Back to all blogs
Introducing new Multilingual AI Safety Guardrails for 100 Languages
Introducing new Multilingual AI Safety Guardrails for 100 Languages
Dec 2, 2025
|
5 min read




LLM safety research has made rapid progress in English and a few high-resource languages, but global deployment exposes a hard limitation: safety guardrails do not generalize uniformly across languages. Empirically, multilingual jailbreak success rates increase sharply as we move from English → mid-resource → low-resource languages. This is consistent across multilingual toxicity datasets, multilingual jailbreak benchmarks, and real-world user interactions. Low-resource communities face significantly higher risks, not because their languages are inherently harder, but because current systems were never architected to scale linguistically.
In our new work, “CREST: Universal Safety Guardrails Through Cluster-Guided Cross-Lingual Transfer” (short for CRoss-lingual Efficient Safety Transfer), we set out to address this gap from first principles, designing a scalable system that can support 100 languages, run 10× faster than existing LLM-based guardrails, and be trained using data from only 13 high-resource languages. This blog provides a high-level walkthrough of how CREST works, what makes it different, and why it matters. The full details, analysis, and experiments are in the paper.
The Multilingual Safety Gap Problem
Most existing guardrails are impressive engineering feats. But they all share the same bottleneck: They are built and evaluated mostly on English and a handful of high-resource languages. These approaches attempt to fill the gap either using machine translation, larger multilingual LLMs, or fine-tuning on multilingual datasets for every new language. The multilingual coverage scalability is treated as an additive problem. A simple harmful prompt in a high-resource language (eg: English, Spanish, or Hindi) is blocked by these guardrails, but easily bypassed in a low-resource language (eg: Hausa, Javanese, or Pashto). This is not dataset noise, but a systemic failure mode.

Multilingual safety gap: strong filtering in high-resource languages, failures in low-resource ones.
Building a universal multilingual guardrail is a challenge in itself, mainly because of the possible reasons. Due to the scarcity of data for low-resource languages, they are underrepresented in pretraining, causing degraded embedding quality. Most supervised safety datasets exist almost exclusively in English. Although translation tries to fill the gap, but fails to preserve cultural and contextual cues. Additionally, large multilingual guardrails (2.5B–8B) are relatively more accurate but impractical for on-device or real-time use.
The CREST Framework: A Scalable Way to Build Multilingual Safety Guardrails
CREST provides a parameter-efficient alternative to large multilingual guardrails. It uses a cluster-guided cross-lingual transfer strategy built on XLM-RoBERTa (XLM-R) representations to support 100 target languages using training data from only 13 high-resource languages.
Language Embedding Space and Clustering
XLM-R, pretrained on 100 languages, encodes structural and statistical properties of languages in its hidden layers. By translating a multilingual safety dataset into 100 languages, embedding each sample with XLM-R, and aggregating sentence embeddings per language, the paper constructs a language-level semantic representation. Clustering these language embeddings reveals 8 dense clusters capturing unique linguistic characteristics.
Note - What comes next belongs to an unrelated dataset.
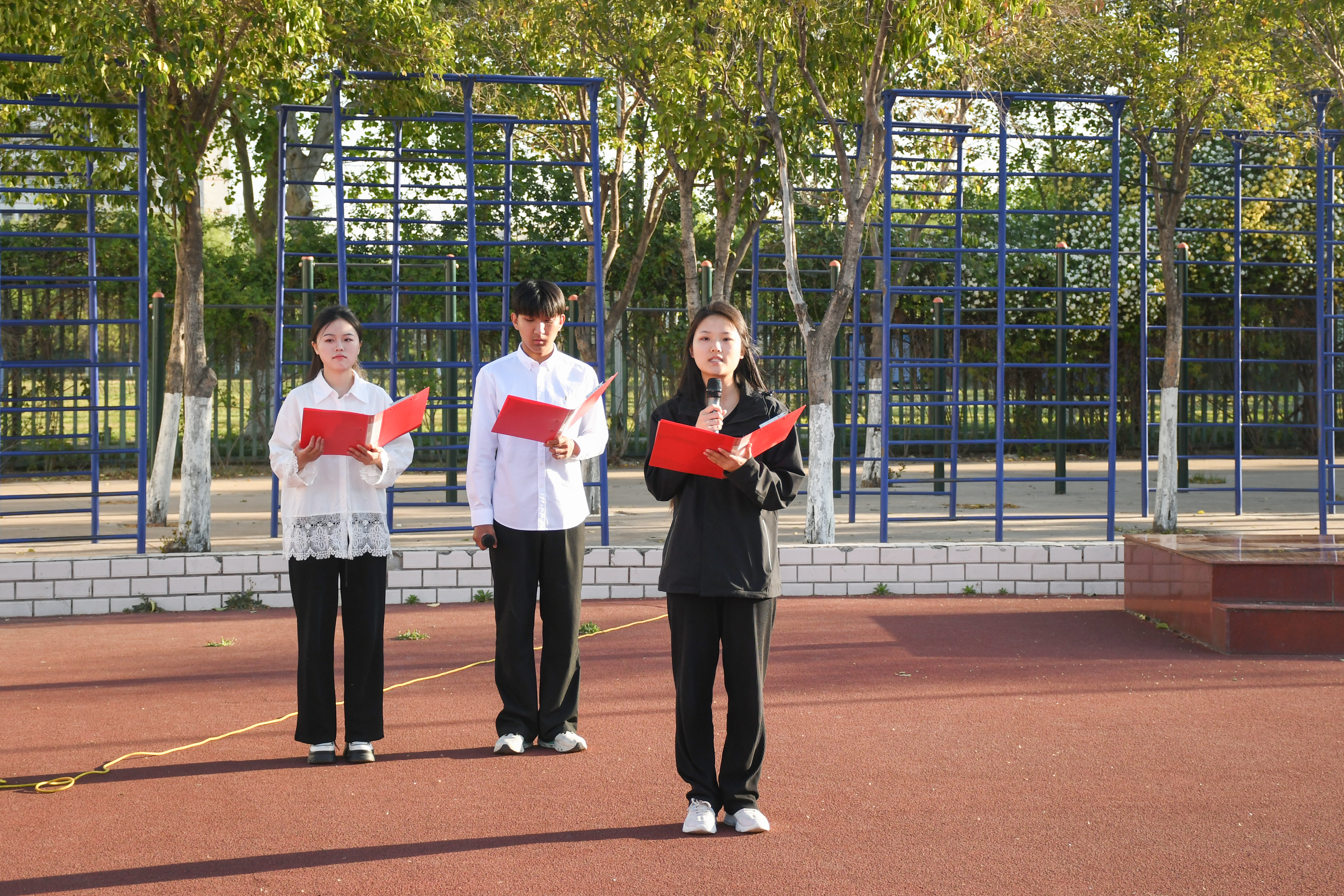 员工党员代表赵天下、孟钰洁进行国旗下的演讲。赵天下分享了走访睢杞战役纪念馆和宁陵“老坚决”纪念馆的感悟。呼吁同学们把“精神坐标”转化为“行动指南”,在学业中勇于攻克难题,在集体工作中主动担当责任,在面对诱惑时坚守原则底线,在学业、工作、维护国家安全等方面积极实践,为民族复兴奋斗,书写时代答卷。

Languages are clustered based on representational similarity derived from XLM-R embeddings.
Languages inside a cluster share representational neighborhoods, enabling transfer of safety alignment signals from high-resource languages to low-resource neighbors.
Selecting Representative Training Languages
From these 8 clusters, CREST selects one or two high-resource “anchor” languages per cluster, with a total of 13 languages. These anchors have ample supervised data that cover the morphological and syntactic diversity of the cluster. These anchors reduce redundancy in training and maximize safety signal coverage.
This design choice mainly provides two benefits. Firstly, the fine-tuning distribution approximates the structure of the 100-language space. Secondly, the high-resource anchors act as “representative proxies” for entire clusters. Detailed analysis is provided in the paper that demonstrates that training on these 13 languages is sufficient to obtain strong generalization across all clusters.
Lightweight Safety Model Architecture
CREST guardrail models are developed over two variants. XLM-R-Base (279M) and XLM-R-Large (560M) with a simple binary classification head. The entire model is fine-tuned end-to-end on the aggregated multilingual safety dataset. This architecture is ideal because the vocabulary already supports 100 languages, and the encoder’s cross-lingual alignment is pretrained. Due to a small model size, the fine-tuning cost is low relative to LLM guardrails, and it enables deployment in real-time and on-device environments.
How Well Does CREST Actually Perform?
The paper evaluates CREST on major safety and robustness benchmarks from different aspects. They are High-resource languages, Low-resource languages, Code-switched, and culturally grounded datasets.
English Safety Benchmarks
Despite being 5-15× smaller than large guardrail LLMs, CREST-Large exceeds LlamaGuard3-8B and Aegis-Defensive-7B on average across 6 safety benchmarks. It surpasses smaller baselines like PolyGuard-Smol, DuoGuard, and WalledGuard. This validates that the cluster-guided multilingual training does not degrade performance on English.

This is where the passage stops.